Research on the Effect of Oriental Fruit Moth Feeding on the Quality Degradation of Chestnut Rose Juice Based on Metabolomics

School of Liquor and Food Engineering, Guizhou University, Guiyang 550025, China
*
Author to whom correspondence should be addressed.
Molecules 2023, 28(20), 7170; https://doi.org/10.3390/molecules28207170
Submission received: 19 August 2023 / Revised: 6 October 2023 / Accepted: 15 October 2023 / Published: 19 October 2023

Abstract

:
As a native fruit of China, chestnut rose (Rosa roxburghii Tratt) juice is rich in bioactive ingredients. Oriental fruit moth (OFM), Grapholita molesta (Busck), attacks the fruits and shoots of Rosaceae plants, and its feeding affects the quality and yield of chestnut rose. To investigate the effects of OFM feeding on the quality of chestnut rose juice, the bioactive compounds in chestnut rose juice produced from fruits eaten by OFM were measured. The electronic tongue senses, amino acid profile, and untargeted metabolomics assessments were performed to explore changes in the flavour and metabolites. The results showed that OFM feeding reduced the levels of superoxide dismutase (SOD), tannin, vitamin C, flavonoid, and condensed tannin; increased those of polyphenols, soluble solids, total protein, bitterness, and amounts of bitter amino acids; and decreased the total amino acid and umami amino acid levels. Furthermore, untargeted metabolomics annotated a total of 426 differential metabolites (including 55 bitter metabolites), which were mainly enriched in 14 metabolic pathways, such as flavonoid biosynthesis, tryptophan metabolism, tyrosine metabolism, and diterpenoid biosynthesis. In conclusion, the quality of chestnut rose juice deteriorated under OFM feeding stress, the levels of bitter substances were significantly increased, and the bitter taste was subsequently enhanced.

Graphical Abstract

1. Introduction

Chestnut rose (Rosa roxburghii Tratt) of the Rosaceae family is a rare and native fruit in China, and its juice is rich in functional active components, such as vitamin C, superoxide dismutase (SOD), and terpenoids. Chestnut rose is also known as the “King of Vitamin C” because of its high vitamin C content [1]. As the geographic origin of chestnut rose, Guizhou Province in China has been focusing on chestnut rose plantation, exploitation and utilization [2,3]. Studies have shown that chestnut rose juice has reproductive protection, antioxidant, anti-inflammatory, anticancer, and immunity enhancement properties [4,5,6]. With the rising social recognition of chestnut rose juice, a variety of chestnut rose products, including chestnut rose drinks, chestnut rose wines, and chestnut rose preserved fruits are attractive for the public. However, chestnut rose juice has a highly bitter taste, since it contains high levels of polyphenols and flavonoids. This has become an obstacle to the consumption of chestnut rose products. Although some enterprises have adopted techniques to remove the astringent and bitter flavours during the processing of chestnut rose products, there are some side effects, such as serious nutrient loss, complicated processing, and poor quality improvement [7]. Plant bitterness is derived from bitter substances.
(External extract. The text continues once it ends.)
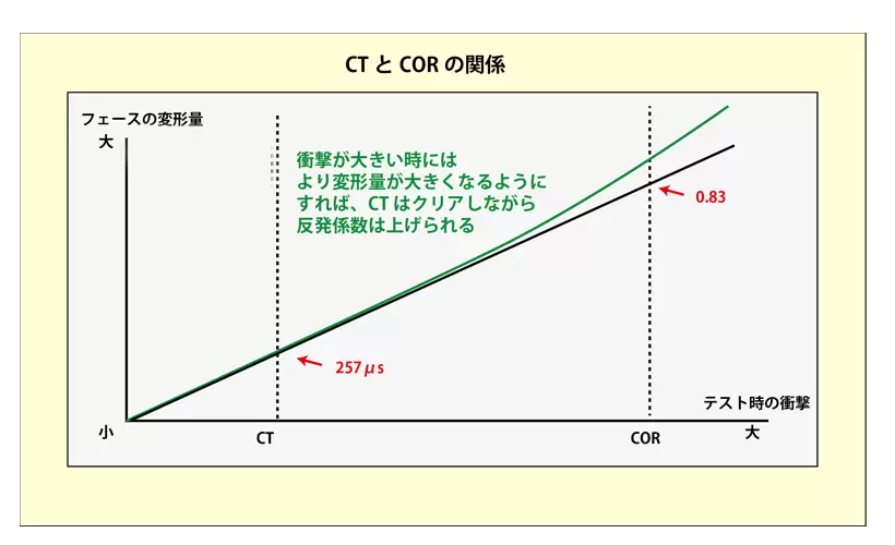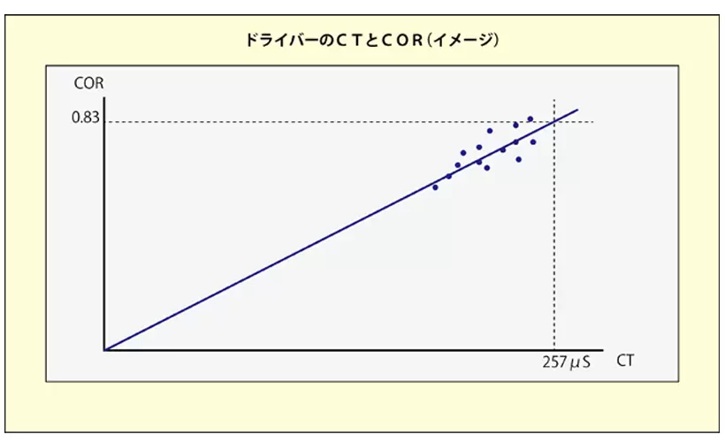 CTとCORは本来比例関係にあり、グラフ化すると直線になるはずなのに、市販のヘッドを計測すると直線上から離れたものもあると言われている。

Increasing evidence has shown that in addition to inherent bitter substances, when subjected to external stress, the plant’s defence system activates the synthesis of additional bitter substances and enhances the activity of the original bitter substances to resist invasion from pests, diseases, mechanical injuries, and drought [8,9].
Oriental fruit moth (OFM), Grapholita molesta (Busck) (Lepidoptera: Tortricidae), is a common pest of the roots and fruits of Rosaceae plants [10]. As the main pest of chestnut rose, OFM feeding directly disturbs the quality and yield of chestnut rose [11,12]. Early feeding of OFM is one of the main causes of fruit shedding, and OFM feeding in the middle and late stages of maturity is problematic for chestnut rose processing [11]. Statistical data from Guizhou chestnut rose juice processing enterprises in recent years showed that 20~60% of chestnut rose suffers from OFM feeding stress. Because it is difficult to distinguish chestnut rose fruit undergoing OFM feeding from normal fruit on their appearance, equipment and technology specifically designed for screening fruit eaten by OFM is unavailable. Although OFM feeding did not significantly change the appearance of chestnut rose fruit, the effect on its quality was unclear. Our previous studies have revealed that compared with normal chestnut rose juice, there is significantly increased bitterness, astringency, and decreased storage stability in chestnut rose juice from fruits subjected to OFM feeding stress. However, the mechanism of quality deterioration of juice from chestnut rose eaten by OFM is unclear. Therefore, it is necessary to explore the basis of the nutrient and flavour deterioration in chestnut rose juice under OFM feeding stress. This will provide theoretical guidance for the planting, management, and processing of high-quality chestnut rose.
In this study, function, flavour deterioration, and metabolic pathways of chestnut rose juice deterioration under OFM feeding stress were explored by using physiological and biochemical methods to determine the functional active components of chestnut rose juice after OFM feeding. Sensory evaluations of flavour and amino acid detection were carried out by an electronic tongue and automatic amino acid analyser, and changes in metabolic pathways were revealed through nontargeted metabolomics.

2. Results and Discussion

2.1. Effects of OFM Feeding on Functional Active Ingredients in Chestnut Rose Juice

The normal fruit and those subjected to OFM feeding could not be distinguished based on their appearance. However, after cutting the fruit open, it was observed that the inside of the latter was “blackened” (Figure S1), and the worm fruit rate reached 27.68% in these fruits. As shown in Table 1, there was no significant difference in weight, the ratio of transverse to longitudinal diameters, or total colour, but the juice yield of normal fruit (67.19%) was significantly higher than that of fruit subjected to OFM feeding (55.36%). In the fruit juice from fruit subjected to OFM feeding, there was a decrease in SOD and tannin content, especially that of vitamin C, condensed tannins, and flavones; there were also increased levels of polyphenols, soluble solids, and total protein. These results indicate that OFM feeding seriously degraded the quality of chestnut rose juice.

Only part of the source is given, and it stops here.